The Supreme Court’s Rules permit such a bypass procedure, in cases of “imperative public importance.”  The Court, however, does not often grant permission to actually do so.   The issue is entirely within the Justices’ discretion.  In recent years, the Court granted such immediate review in 2002 in the University of Michigan undergraduate admissions standards case (Gratz v. Bollinger, docket 02-516) and in one of the cases testing the constitutionality of the mandatory guidelines for federal criminal sentences (U.S. v. Fanfan, docket 04-105).  In  both instances, the Court took a second case to be heard along with another case that had reached the Court via the normal route.

While Cuccinelli noted that the immediate appeal route “is the exception to the general rule,”  he argued that the Virginia case and other cases pending in lower courts “are truly exceptional in their own right.”   He said that 28 states have filed suits challenging Congress’s authority to enact the law, and federal District Court judges have split 2-2 on that issue.

The judge in the state of Virginia case struck down the law’s mandate that virtually everyone have health insurance by the year 2014, and a federal judge in a case in Florida brought by 26 states on Monday struck down the entire law.  Another federal judge in Virginia and one in Michigan have upheld the insurance-purchase mandate.

Even though Virginia won its challenge in the District Court, that does not bar it from asking the Supreme Court to take on the case prior to any ruling on it by the Fourth Circuit Court. Both Virginia and the Justice Department are pursuing appeals in that Circuit Court, challenging the Dec. 13 ruling in the Virginia case by District Judge Henry E. Hudson of Richmond.

The Circuit Court is considering those appeals on an expedited basis, but it will not hold a hearing on them until about mid-May.  In the meantime, Cuccinelli said his legal team would prepare the papers for the immediate appeal to the Supreme Court, and file them “as soon as is practicable.”

If the Justices were to grant immediate review, that would put the Fourth Circuit appeals on hold in the meantime.

It is unclear at this point whether, even if the Justices were to allow Virginia’s prompt appeal, they would rule on it during the current Term.  The Court’s argument calendar for the Term is filled, and it is now too late to hear any other cases during the the Term, unless, of course, such a case were significantly expedited.

In discussing Virginia’s plan to ask the Justices to step in now, Cuccinelli said that the state’s governor and other top state officials had asked his office to pursue that step.  The governor, he added, “is particularly concerned about the possibility of wasting precious and strained taxpayer dollars preparing for a law that may well be struck down.”

While he said that the Justice Department had indicated that it would not join in the move to the Supreme Court, he noted that the Department in urging the Fourth Circuit to put the cases there on an expedited schedule had asserted that the dispute over the law’s constitutionality “has public policy implications of the highest magnitude.”

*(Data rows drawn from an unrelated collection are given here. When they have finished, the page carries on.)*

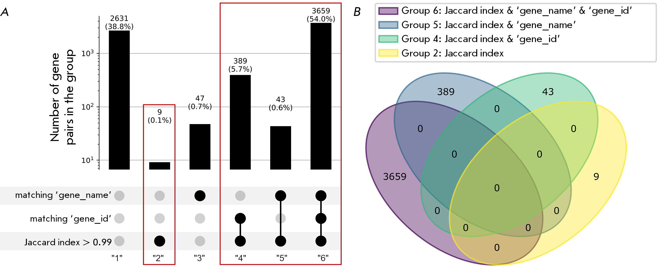 Fig. 1. Intersection of 4,145 genes from HiMoRNA with 60,619 genes from RNA-Chrom. (A) Division of gene pairs into six groups based on the similarity metrics they satisfy. Groups achieving unambiguous gene correspondence are highlighted with red rectangles. (B) Venn diagram showing the overlap between the gene groups 2, 4, 5, and 6 (the total number of gene pairs in these four groups is 4,100)
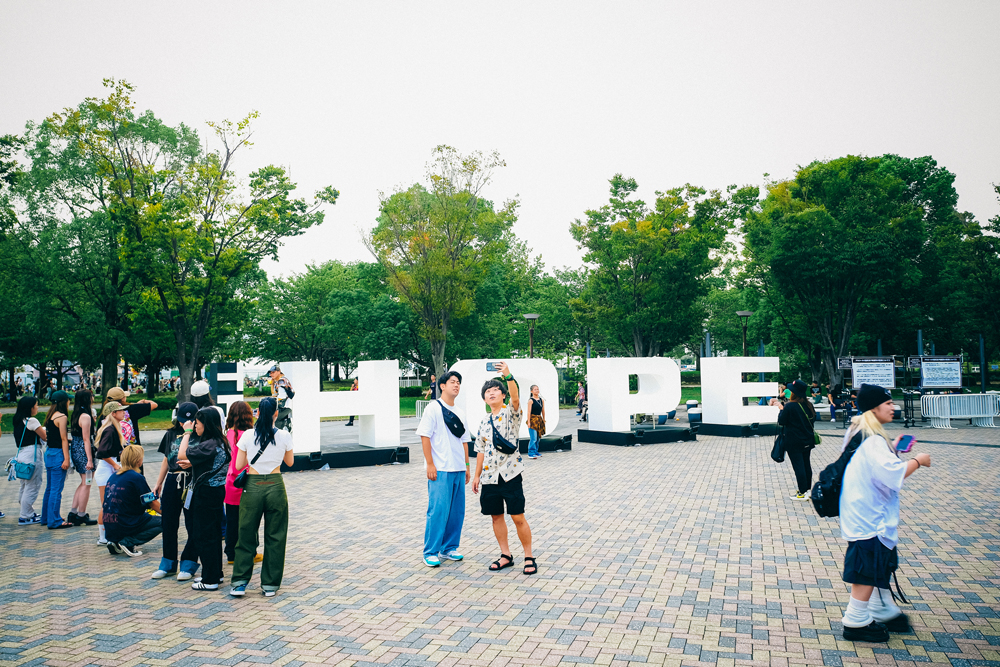 イベントもいよいよ終盤を迎えると、ヘッドライナーたちのステージに、会場の熱気は天井知らずの高まりを見せ続けていった。「夜を使い果たして」「タイムマシーンにのって」という代表曲に加えて、「お隣さんより凡人」では日本語ラップの名フレーズを繋いだスペシャルバージョンを披露したPUNPEE、ラップも歌もダンスもステージ演出もエンターテイメント性が抜群だったちゃんみな、AK-69との「Bussin’」ののちにAK-69との2マンライブを日本ガイシホールで開催することもアナウンスされ更なるステップアップを予感させた¥ellow Bucksという、それぞれのベクトルからシーンを牽引しているアーティストならではの凄みがあった。そして大トリは、BAD HOP。<FUJI ROCK FESTIVAL ‘23>以来となるバンドセットを披露し、そのステージ上では、解散ライブの開催場所を東京ドームと発表した。シーンへの登場からずっと、ヒップホップというカルチャーを日本で押し広げてきたBAD HOPが大切な発表の場に選んだのも、<THE HOPE>だった。
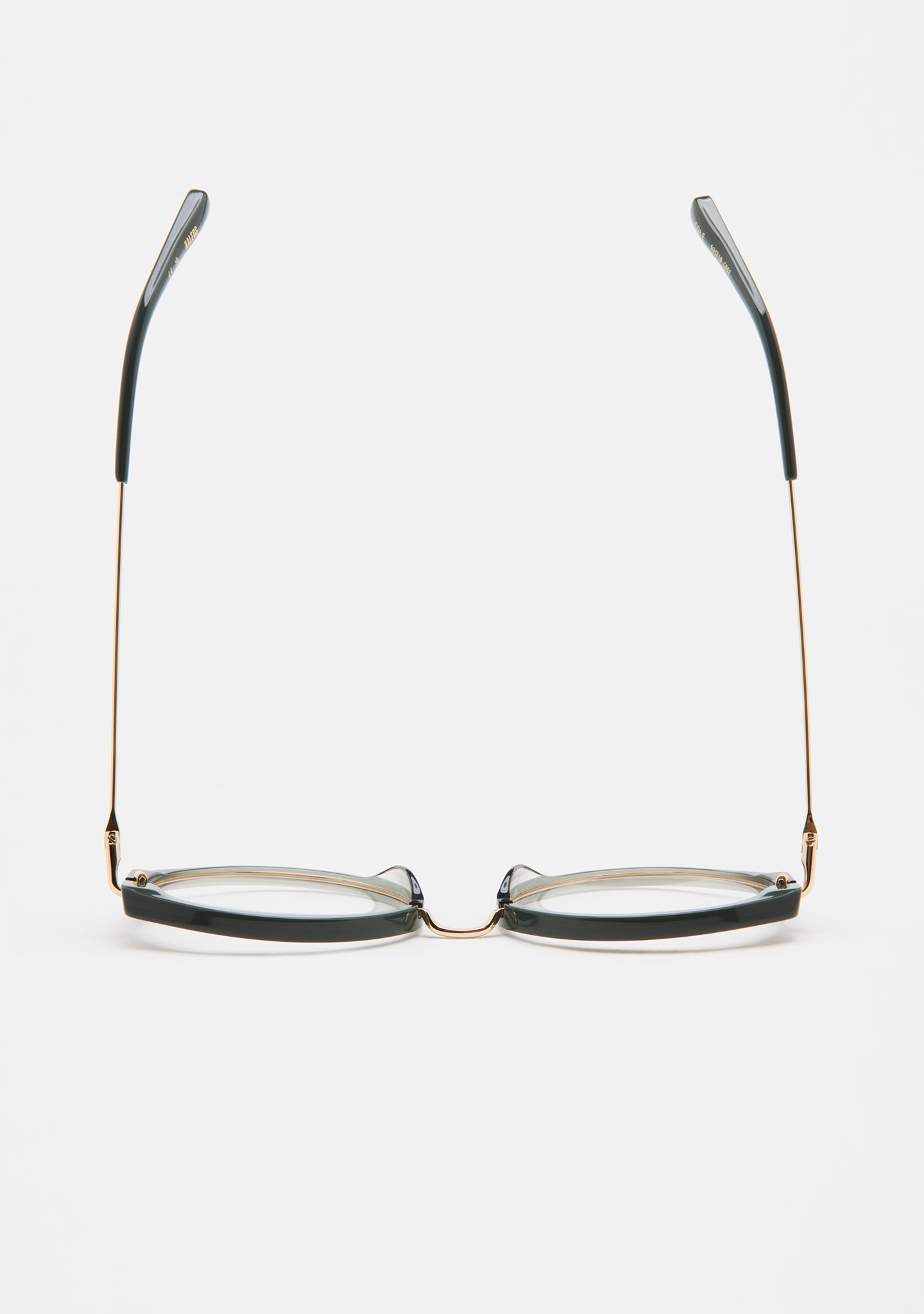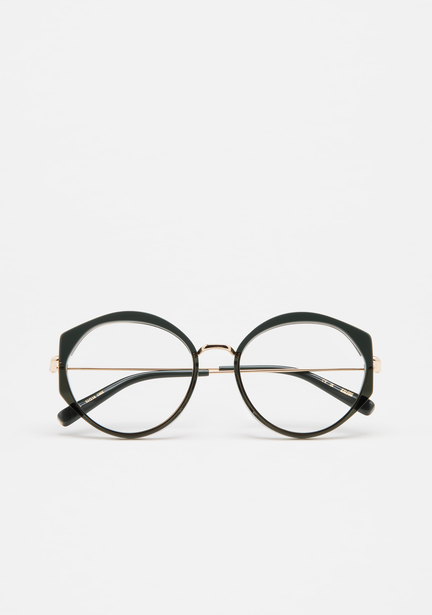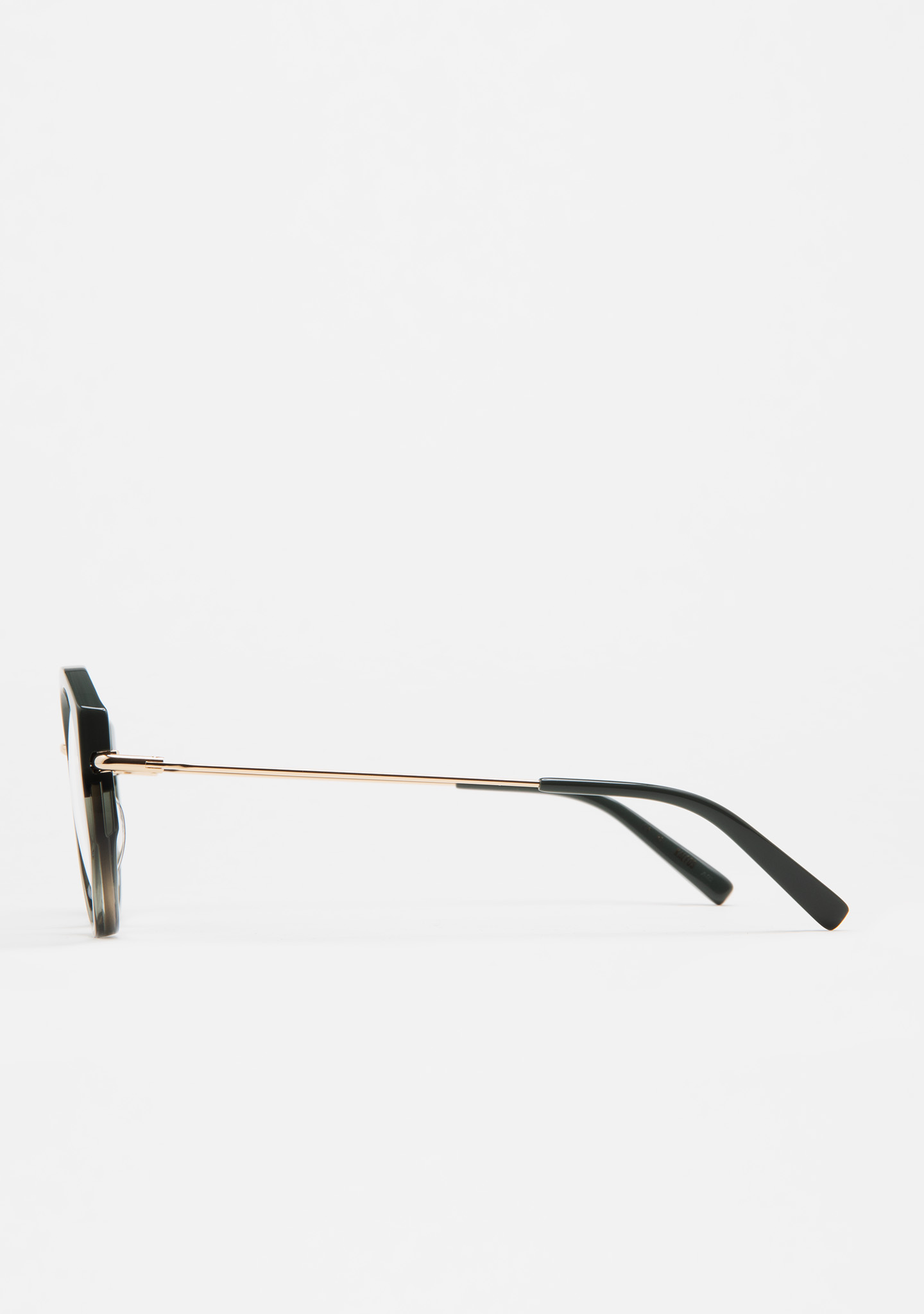 Modelo COLE. Gafa de ver de forma redondeada. Frontal de acetato negro con laminado havana marrón. Puente y varillas de acero inoxidable dorado. Varillas con terminal de acetato negro. Plaquetas de acetato incorporadas. Hecha a mano.

Cuccinelli’s decision was announced one day after the U.S. Senate turned back an attempt by Republican leaders to repeal the entire health care law — at least temporarily ending that legislative maneuver.  The failure of that effort puts enhanced importance on the challenges made in nearly two dozen cases in federal courts across the country.  The Supreme Court may ultimately have to decide the constitutional issue, even if it does not intervene promptly.

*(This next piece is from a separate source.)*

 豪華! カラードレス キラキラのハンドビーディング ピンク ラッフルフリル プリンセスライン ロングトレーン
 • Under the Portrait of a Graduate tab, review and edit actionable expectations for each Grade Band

It apparently would take the votes of only four Justices to grant review before the Circuit Court rules.  In an order in November refusing to hear the first case brought to it on the new health care law, the Court indicated that all nine Justices had taken part.   (That case, too, was an attempt to get the new law before the Court prior to a Circuit Court decision. The case was Baldwin v. Sebelius, 10-369.  In that case, however, there was no final ruling in the District Court on the merits of the constitutional challenge.)